ACTIVITY
Once the pictures have been excluded, set down each remaining entry word for word.

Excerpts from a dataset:
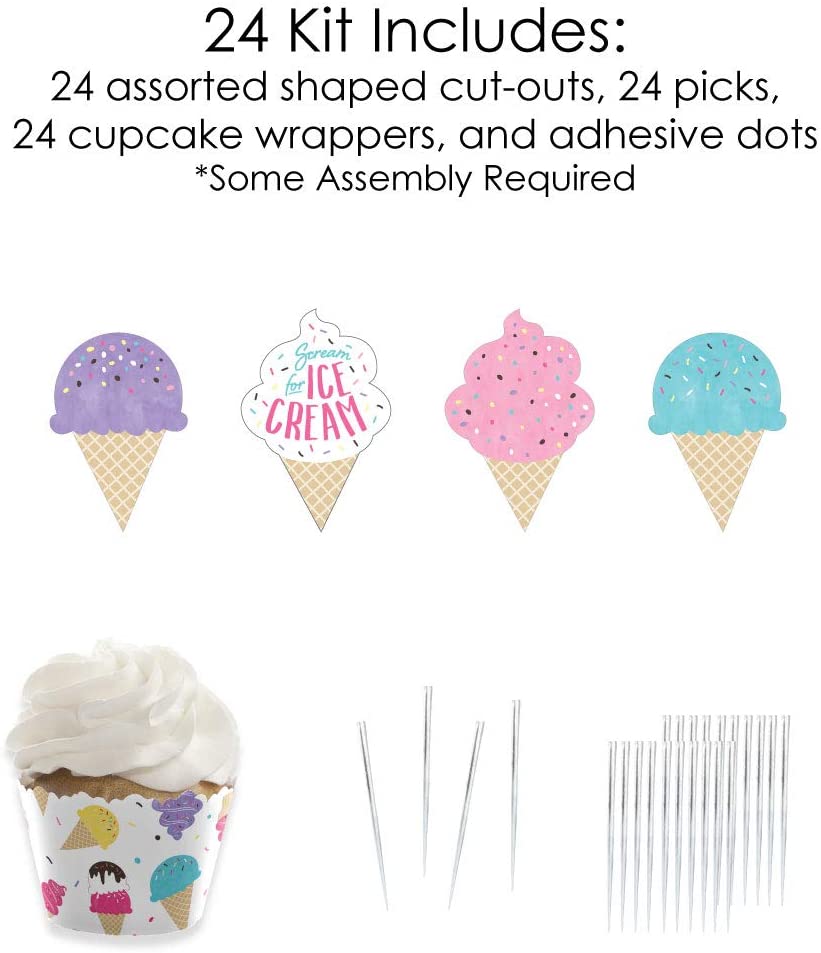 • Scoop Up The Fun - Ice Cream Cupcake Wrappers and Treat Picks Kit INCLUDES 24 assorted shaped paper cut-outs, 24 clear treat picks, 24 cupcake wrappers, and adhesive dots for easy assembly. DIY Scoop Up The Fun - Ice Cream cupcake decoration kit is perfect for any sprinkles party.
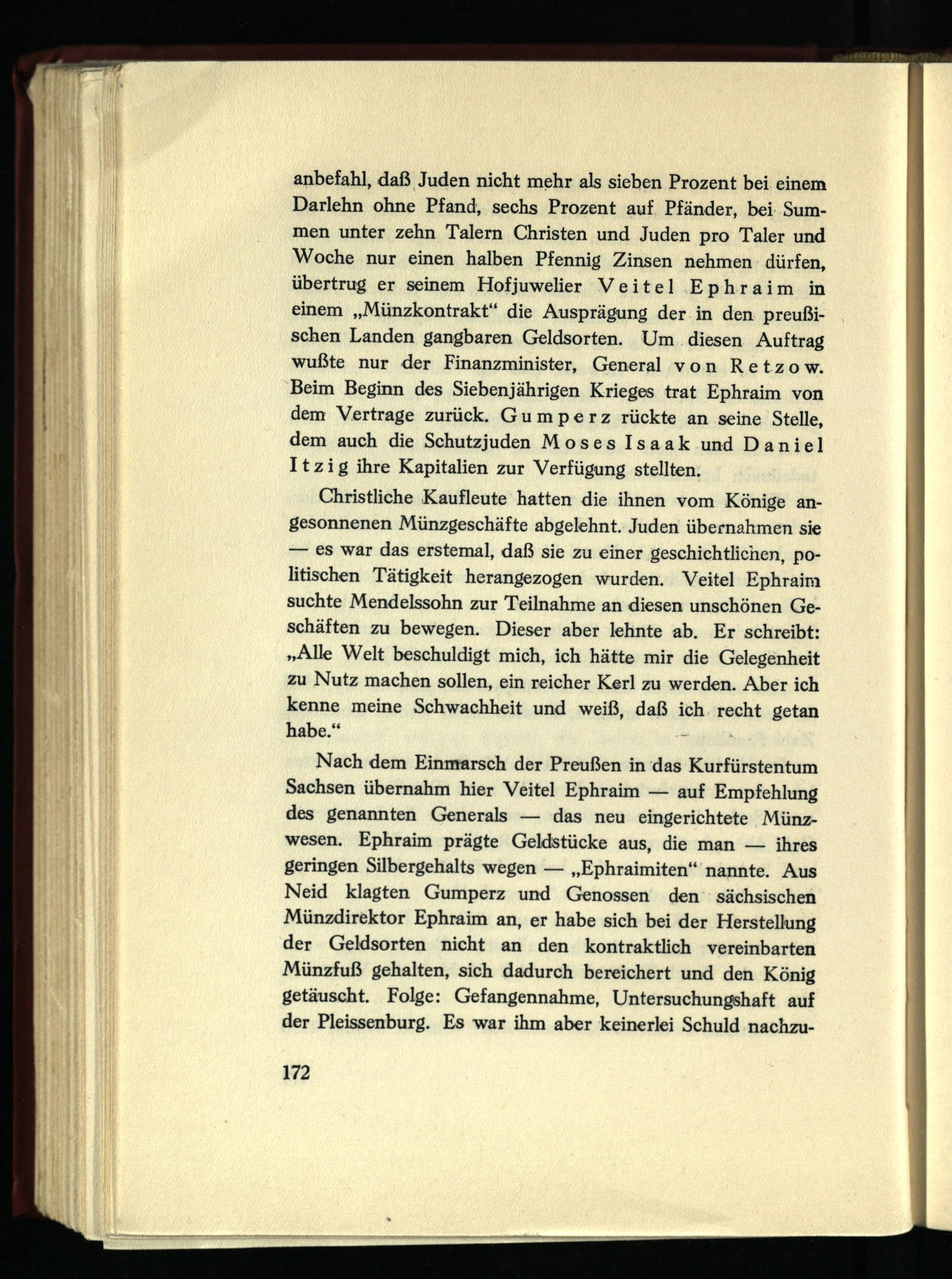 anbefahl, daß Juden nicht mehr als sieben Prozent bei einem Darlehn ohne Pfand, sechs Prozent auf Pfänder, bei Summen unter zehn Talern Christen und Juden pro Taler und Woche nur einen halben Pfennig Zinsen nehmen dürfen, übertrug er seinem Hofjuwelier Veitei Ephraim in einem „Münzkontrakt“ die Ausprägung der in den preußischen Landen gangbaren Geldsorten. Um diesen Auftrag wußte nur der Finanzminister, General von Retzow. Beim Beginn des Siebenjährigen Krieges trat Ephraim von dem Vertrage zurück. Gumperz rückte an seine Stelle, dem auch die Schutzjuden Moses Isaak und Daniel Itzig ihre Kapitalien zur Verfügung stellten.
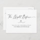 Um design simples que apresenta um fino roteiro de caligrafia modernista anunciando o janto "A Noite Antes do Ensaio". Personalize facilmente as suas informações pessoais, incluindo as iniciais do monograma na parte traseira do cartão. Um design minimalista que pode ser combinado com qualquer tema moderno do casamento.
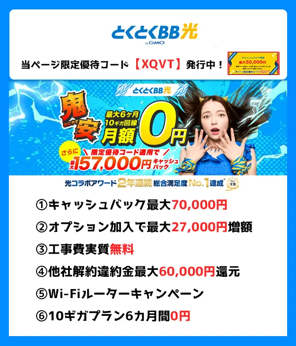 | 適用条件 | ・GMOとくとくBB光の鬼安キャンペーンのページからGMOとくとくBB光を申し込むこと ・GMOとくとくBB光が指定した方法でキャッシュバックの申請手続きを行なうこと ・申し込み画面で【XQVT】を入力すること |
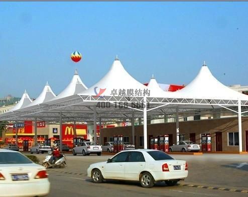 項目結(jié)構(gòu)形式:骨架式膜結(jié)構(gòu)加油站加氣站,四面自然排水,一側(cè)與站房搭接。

ANSWER SPACE
 • Scoop Up The Fun - Ice Cream Cupcake Wrappers and Treat Picks Kit INCLUDES 24 assorted shaped paper cut-outs, 24 clear treat picks, 24 cupcake wrappers, and adhesive dots for easy assembly. DIY Scoop Up The Fun - Ice Cream cupcake decoration kit is perfect for any sprinkles party.
 anbefahl, daß Juden nicht mehr als sieben Prozent bei einem Darlehn ohne Pfand, sechs Prozent auf Pfänder, bei Summen unter zehn Talern Christen und Juden pro Taler und Woche nur einen halben Pfennig Zinsen nehmen dürfen, übertrug er seinem Hofjuwelier Veitei Ephraim in einem „Münzkontrakt“ die Ausprägung der in den preußischen Landen gangbaren Geldsorten. Um diesen Auftrag wußte nur der Finanzminister, General von Retzow. Beim Beginn des Siebenjährigen Krieges trat Ephraim von dem Vertrage zurück. Gumperz rückte an seine Stelle, dem auch die Schutzjuden Moses Isaak und Daniel Itzig ihre Kapitalien zur Verfügung stellten.
 Um design simples que apresenta um fino roteiro de caligrafia modernista anunciando o janto "A Noite Antes do Ensaio". Personalize facilmente as suas informações pessoais, incluindo as iniciais do monograma na parte traseira do cartão. Um design minimalista que pode ser combinado com qualquer tema moderno do casamento.
 | 適用条件 | ・GMOとくとくBB光の鬼安キャンペーンのページからGMOとくとくBB光を申し込むこと ・GMOとくとくBB光が指定した方法でキャッシュバックの申請手続きを行なうこと ・申し込み画面で【XQVT】を入力すること |
 項目結(jié)構(gòu)形式:骨架式膜結(jié)構(gòu)加油站加氣站,四面自然排水,一側(cè)與站房搭接。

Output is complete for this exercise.